CRIMINAL PROCEDURE — FOURTH AMENDMENT RIGHTS: As a lawyer in the solicitor general's office during the 1980s, Alito argued that a police officer was justified in shooting an unarmed 15-year-old trying to avoid arrest after a burglary. In the memo, written when the administration was weighing whether to get involved in a case that was then pending before the Supreme Court, Alito wrote that shooting was reasonable within the definition of the Fourth Amendment, which protects against unreasonable searches and seizures. The young lawyer concluded that a "fleeing suspect in effect states to the police: 'Kill me or let me escape the legal process, at least for now.'" He added, "If every suspect could evade arrest by putting the state to this choice, societal order would quickly break down."

DEATH PENALTY: In an appeals court case that was overturned by the Supreme Court last year, Alito upheld a decision handed down in a 17-year-old Pennsylvania death penalty case.

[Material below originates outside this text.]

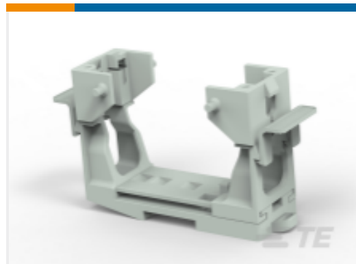
TE Part #T1870002201-000 HB-RAIL-BASE

The defendant, convicted of robbing and killing a tavern owner, later argued his lawyers failed to consider important court material. A lower court sided with the defendant, but that decision was overturned on appeal. In a 2-1 opinion written for the majority, Alito said the defendant's lawyer had done enough to represent him.

JUDICIAL ACTIVISM: In a 64-page response to a Senate Judiciary Committee questionnaire, Alito said that federal judges must constantly guard against slipping into judicial activism to get the result they want on cases. Yet he said he saw no problem with federal judges creating strong remedies "when a constitutional or statutory violation has been proven."

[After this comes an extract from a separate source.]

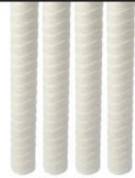
PP Filter Cartridge Housing

RELIGIOUS FREEDOMS: As an appeals court judge, Alito appears to be a staunch defender of religious freedoms. In 1999, he wrote the majority opinion allowing Muslim police officers in Newark, N.J., to keep their beards, broadening an exemption the department had allowed only on medical grounds. That same year, he joined the majority in ruling that a City Hall holiday display in Jersey City, N.J., containing a creche, menorah, a banner celebrating diversity and secular symbols of the season did not offend the constitutional separation between church and state.

FREE SPEECH: As an appeals court judge in 2004, Alito helped to decide that a Pennsylvania law banning paid advertisements for alcohol in college newspapers was unconstitutional. In the ruling, he said that the state faces a heavy burden anytime it tries to restrict speech but had offered only "conjecture" to support its contention that the ad ban would slacken the demand for alcohol by underage college students.

HARASSMENT: In 1999, Alito wrote opinions that outlawed a school anti-harassment policy barring demeaning comments about race, religion or gender as overly broad. He also held that an Iranian woman could establish eligibility for asylum by showing she would be persecuted back home because of her sex, her belief in feminism or membership in a feminist group. And he supported a high school boy who had been bullied by students who saw him as gay and non-athletic, ruling in the majority that the school had not sufficiently protected him from the taunting.